まだあんまり人はいなかった。そして、知ってる人もいなかった。
とりあえず、黒板に張り出された座席表を確認して自分の席に荷物を置く。
今年の始めは窓側の後ろから二番目。非常にいい。
と心の中で歓喜していると、
「真は窓側後ろから二番目とかせこくね。れいちゃん来たら、黒板が見えにくいとか言って俺と変わってや。」
「ぜったいにいや。真ん中の前から二番目とか一番教師の目に着くとこじゃん。まあ、日頃の行いってやつだな。席替えやる中間テストまで頑張れよー。」
俺は勝ち誇った顔で蘭丸の肩をたたいてやった。
「けっ、その席でだらけて成績落として、強制的に真ん中の一番前になればいいのに。」
「ふっ、誰が一年の時のお前みたいなヘマするかよ。」
キーン、コーン、カーン、コーン
予鈴と共にクラスで散らばって話していた生徒たちが自分の席につく。
俺の隣の席に戻ってきたのは生徒会長だった。
「私は、一応中等部の生徒会長をやってる東条萌絵です。これから一年間よろしくね、神野くん。」
「こちらこそよろしくね、東条さん。」
「萌絵でいいよ。みんなにそう呼ばれてるし、早く仲良くなりたいから。だから、神野くんのこと真くんってよんでもいい?」
「別にかまわないよ。それじゃあ、改めて一年間よろしく萌絵。」
「うん。よろしく真くん。」
ちょうど朝礼のチャイムと同時に、担任教師である鈴木れいは教室に来た。
それから、体育館に移動して始業式などのめんどくさい工程を終え、また教室に戻ってくる。

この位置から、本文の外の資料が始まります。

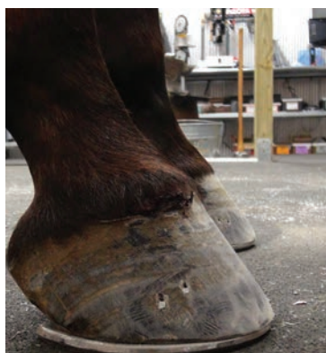
July 2020 - shod with Diamond Tracker Shoe.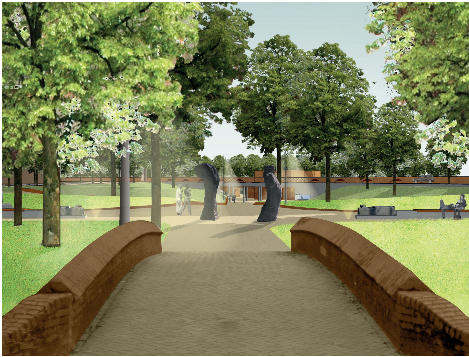
RAMPART ZONE DEN BOSCH

「じゃあ、簡単に自己紹介を。このクラスの担任の鈴木れいです。文芸部の顧問をしてます。担当教科は国語です。一年間よろしくね。それじゃあ、廊下側の生徒から順番に、先生がしたような簡単な自己紹介をお願い。」
自己紹介が始まったが、クラスの半分が終わっても知ってるやつが一人もいない。
そのまま自己紹介は淡々と進み、何事もなくなく終わった。
(蘭丸が目立とうとしてすべったことは言うまでもあるまい。)
最終的に、蘭丸と萌絵とれいちゃん以外は全然顔と名前が一致しなかった。一学年何人いるのか知らないけど、まさかここまで知らない人だらけのクラスだとは思ってなかった。
俺はクラスメイトの顔と名前を覚えることから始めないといけないらしい。
「はぁー。」と口から溜息がこぼれそうな心境で俺の新学期は始まった。